Indicative — formation

There are three basic conjugations in the present tense, one for verbs whose infinitives end in -er (e.g., regarder, travailler), one for those ending in -re (e.g., répondre, entendre), and one for those ending in -ir (e.g., finir, choisir). In each case the stem is formed by dropping off the infinitive ending. The present tense endings for the three conjugations are similar, but their differences are worth noting.

1. verbs like aimer (stem = aim-)

tu aimes
il aime
nous aimons
vous aimez
elles aiment

2. verbs like entendre (stem = entend-)

tu entends
il entend
nous entendons
vous entendez
elles entendent

3. verbs like choisir (stem = chois-)

je choisis
tu choisis
il choisit
nous choisissons
vous choisissez
elles choisissent

4. verbs like mentir (stem = men-)

je mens
tu mens
il ment
nous mentons
vous mentez
elles mentent

A great many verbs — especially common verbs, like avoir, être, aller, vouloir, pouvoir, and faire are irregular in the present tense.

Irregular Verbs

Certain irregularities follow set patterns:

1. In verbs ending with “–cer” or “–ger“, the ending will change to “–çons” and “–geons” in the “nous” form: nous commençons, nous mangeons.

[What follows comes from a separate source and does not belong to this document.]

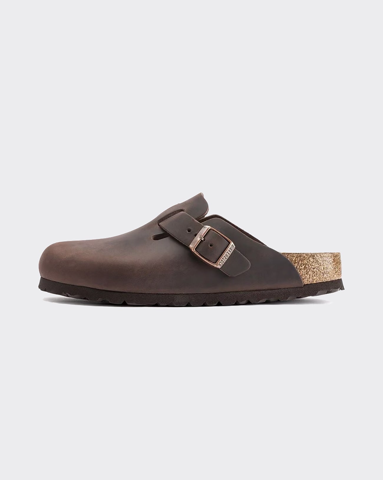 Ciabatta in pelle marrone oliata, fibbia metallica regolabile lateralmente, suola in sughero e gomma.
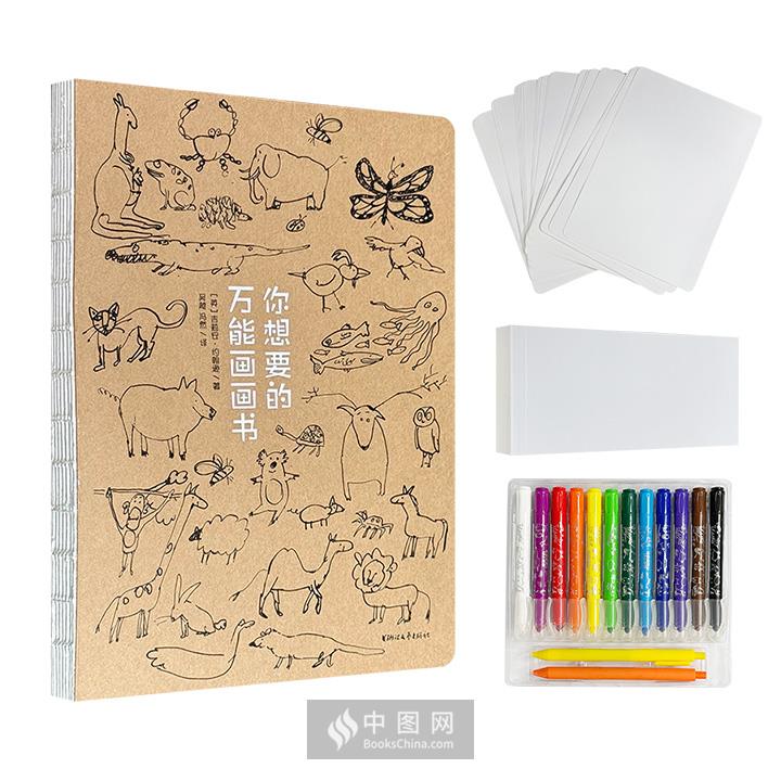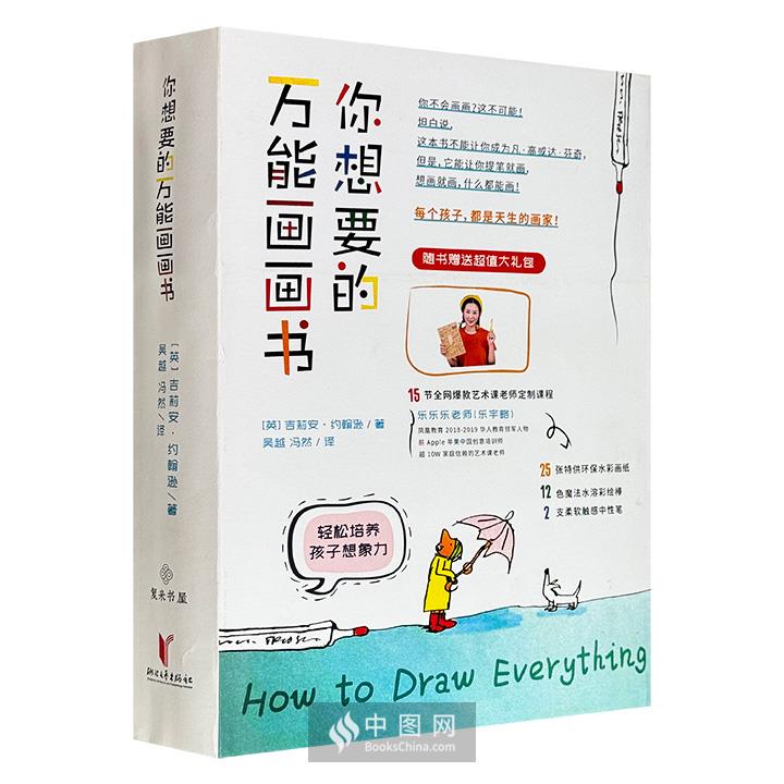 函套装《你想要的万能画画书》,1册图书+12色水溶彩绘棒+25张水彩画纸+288页便携绘画本+15节视频课。16开裸脊锁线,安全圆角设计,资深插画家吉莉安·约翰逊写给5-99岁读者的绘画入门书,从涂鸦到透视再到人物,这本书能让你想画就画,轻松成为画画高手。

2. In verbs ending with “e + consonant + er“, the “e” will become “è” in the first and third persons, and in the second person singular: lever –> je lève; mener –> je mène.

3. In verbs ending with “–eler” and “–eter“, the “l” or “t” will be doubled before a silent ending: appeler –> j’appelle, jeter –> ils jettent.

4. In verbs ending with é + consonant + er, the acute accent will become grave (è) before a silent ending: répéter –> elle répète, préférer –> je préfère.

5. In verbs ending with “–yer“, the “y” will change to “i” before a silent ending: payer –> je paie, essuyer –> ils essuient.

6. Other common irregular verbs, whose forms need to be memorized, include the following (listed with stems for “je” and “vous“):

boire (je bois, vous buvez), courir (je cours, vous courez), dire (je dis, vous dites, nous disons), falloir (il faut), lire (je lis, vous lisez), mourir (je meurs, vous mourez), plaire (je plais, vous plaisez), prendre (je prends, vous prenez), recevoir (je reçois, vous recevez), rire (je ris, vous riez), savoir (je sais, vous savez).

Present reflexive

Many verbs may be conjugated with reflexive or reciprocal pronouns. In this case, the pronoun (me, te, se, nous, or vous) changes to reflect the subject of the verb (see also Reflexive pronouns, Imperative reflexives, Passive voice).

Je me demande. (I ask myself, I wonder.)
Tu te dis (You tell yourself…)
Il se regarde dans la glace. (He looks at himself in the mirror.)
Nous nous parlons. (We are speaking to one another.)
Vous vous ennuyez. (You are bored.)
Elles se taisent.(They are quiet.)

Present tense indicative — use

As its name indicates, the present tense is used to describe actions taking place in the present. French has only one present tense, while English can express present actions four different ways. Compare:

I work
I am working
I do work
I have been working

In French these are all expressed by: je travaille.

Three special structures can be used to emphasize or skew the time frame of the present:

1. To emphasize the present and to express being “in the midst” of an activity, use the expression, “être en train de+ infinitive”:

Je suis en train de travailler. (I am in the middle of working.)

2. To use the present tense to indicate the recent past, use “venir de + infinitive”:

Nous venons de finir notre déjeuner. (We just finished our lunch.)
Elle vient d’arriver. (She just arrived.)

The recent past construction may also be used in the imperfect to express a pluperfect meaning.

3. To use the present tense to refer to the near future (futur proche), use “aller LINK + infinitive”:

Elle va repartir demain matin (She is going to leave again tomorrow morning.)
Ce matin, nous allons faire le ménage. (This morning we are going to clean up the house.)

In addition, French uses the present tense in certain phrases to express actions which began in the past but which are ongoing. These expressions include “depuis“, “il y a… que“, “voici… que“, “voilà… que“, “ça fait… que“, and the interrogatives, “depuis quand…” and “depuis combien de temps…“:

Je suis à Paris depuis trois semaines. (I have been in Paris for three weeks.)
Ça fait des années qu’il raconte cette histoire! (He has been telling that story for years!)
Depuis quand êtes-vous au Québec? (How long have you been in Quebec?)